И, поднимая трость, в такт, ею — по чем попало: по торцам, прямым берлинским стволам, по решеткам, и вдруг — со всего размаху ярости — по огромному желтому догу, за которым, во весь рост своего самодовольства, вырастает лейтенант.
«Verzeihen Sie, Herr Leutnant, ich habe meine Handschrift verloren. (Простите, господин лейтенант, я потерял свою рукопись)». — «Ja was? (Что такое?)» — «Der Herr ist Dichter, ein grosser russischer Dichter. (Этот господин — поэт, большой русский поэт)», — спешно и с мольбою оповещаю я. «Ja was? Dichter? (Что такое? Поэт?)» — и — не снизойдя до обиды, залив со всего высока своего прусского роста всем своим лейтенантским презрением этого штатского — да еще русского, да еще Dichter’a, оттянув собаку — минует.
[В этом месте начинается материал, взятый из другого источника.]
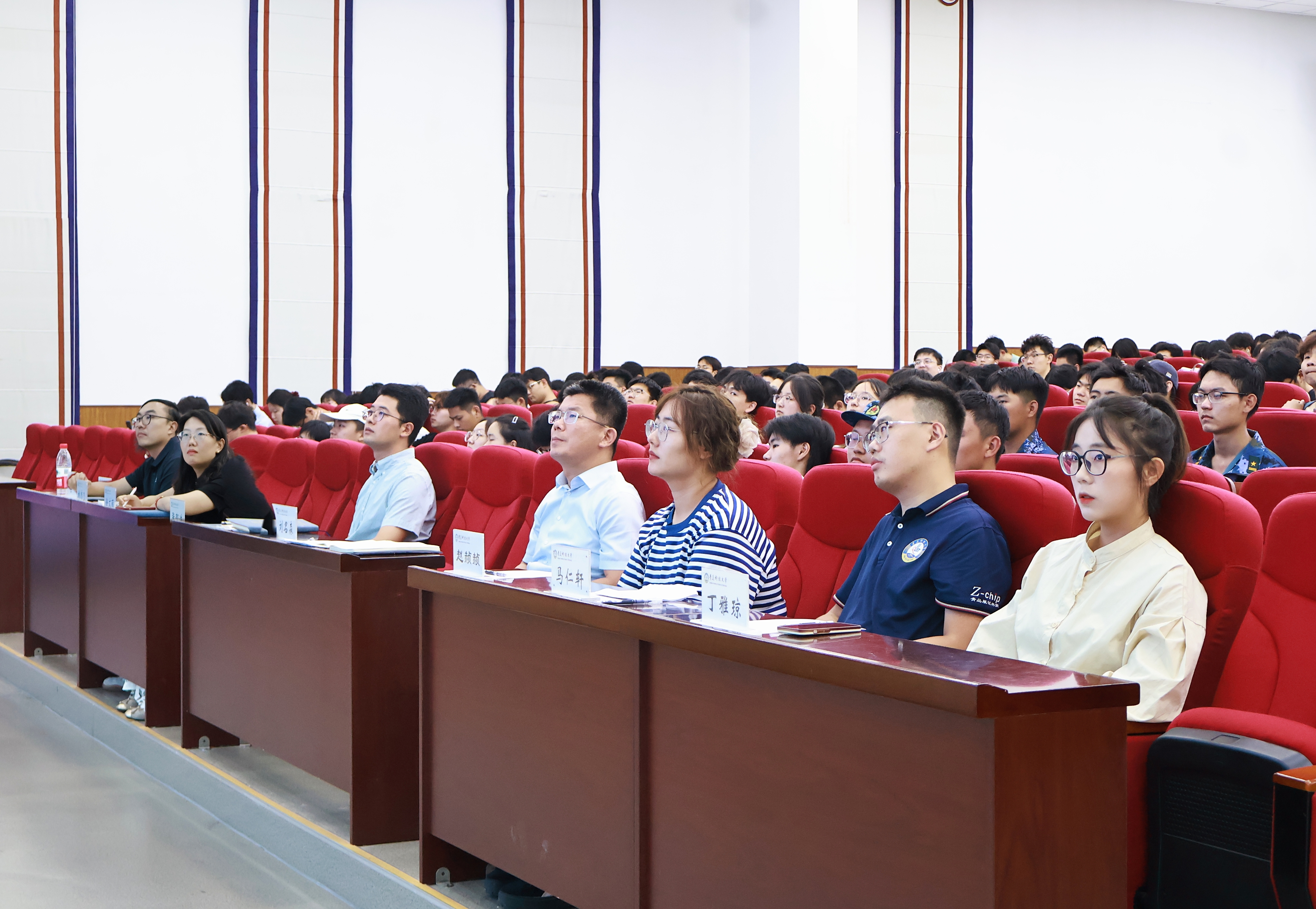 在崂山校区北苑团学报告厅召开了宿舍舍长大会暨“AI家雅舍”创建启动仪式。学院党委副书记兼副院长刘名森、全体专职辅导员以及全体本科生、研究生舍长近400人参加了本次活动。会议由学院团委副书记兼学生工作办公室副主任张郁浩主持。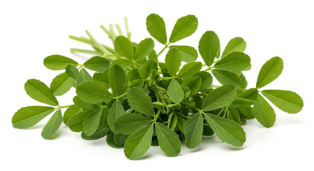 Fenugreek or Trigonella foenum-graecum. Green plant. Isolated on white background.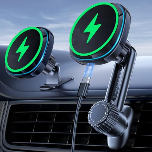 ワイヤレス充電とマグネット機能を搭載したスマホホルダー。15W急速充電、冷却ファン付き。iPhone 16/15/14/13/12シリーズやAndroid全機種に対応。伸縮アームで片手操作可能。安定性抜群で99%の車種に対応。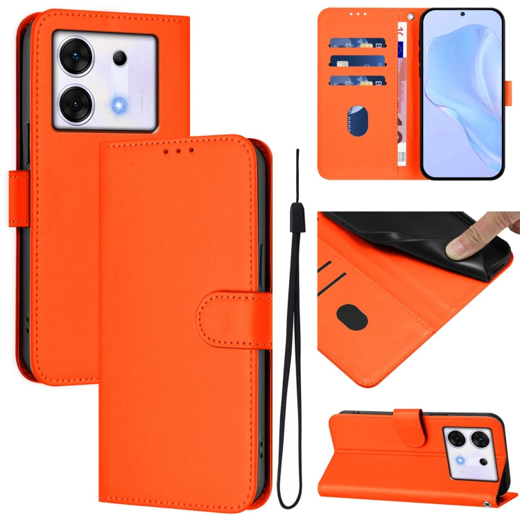 Funda de Cuero con Cordón para Teléfono Infinix Zero 30 5G con Tacto de Piel (Naranja)

— Дьявол! Дьявол! — вопит Белый, бия и биясь.
— Ради Бога, Борис Николаевич, ведь лейтенант подумает, что вы — о нем!
— О нем? Пусть успокоится. Есть только один дьявол — Доктор Штейнер.
И, выпустив этот последний заряд, совершенно спокойно:
— Больше не будем искать. Пропала. И, может быть, лучше, что пропала. Ведь я, по существу, не поэт, я годы могу не писать, а кто может не писать — писать не смеет.
Замечаю, что в моем повествовании нет никакого crescendo. Нет в повествовании, потому что не было в жизни. Наши отношения не развивались. Мы сразу начали с лучшего. На нем и простояли — весь наш недолгий срок.
Лично он меня никогда не разглядел, но, может быть, больше ощутил меня, мое целое, живое целое моей силы, чем самый внимательный ценитель и толкователь, и, может быть, никому я в жизни, со всей и всей моей любовью, не дала столько, сколько ему — простым присутствием дружбы. Присутствием в комнате. Сопутствием на улице. Возле.
Рядом с ним я себя всегда чувствовала в сохранности полного анонимата.
Он не собой был занят, а своей бедой, не только данной, а отрожденной: бедой своего рождения в мир.
Не эгоист, а эгоцентрик боли, неизлечимой болезни — жизни, от которой вот только 8 января 1934 года излечился.
Чтобы не забыть. К моему имени-отчеству он прибегал только в крайних случаях, с третьими лицами, и всегда в третьем лице, говоря обо мне, не мне, со мной же — Вы, просто — Вы, только — Вы. Мое имя-отчество для него было что-то постороннее, для посторонних, со мной не связанное, с той мной, с которой так сразу связал себя он, условное наименование, которое он сразу забывал наедине. Я у него звалась Вы. (Как у Каспара Гаузера сторож звался «der Du».)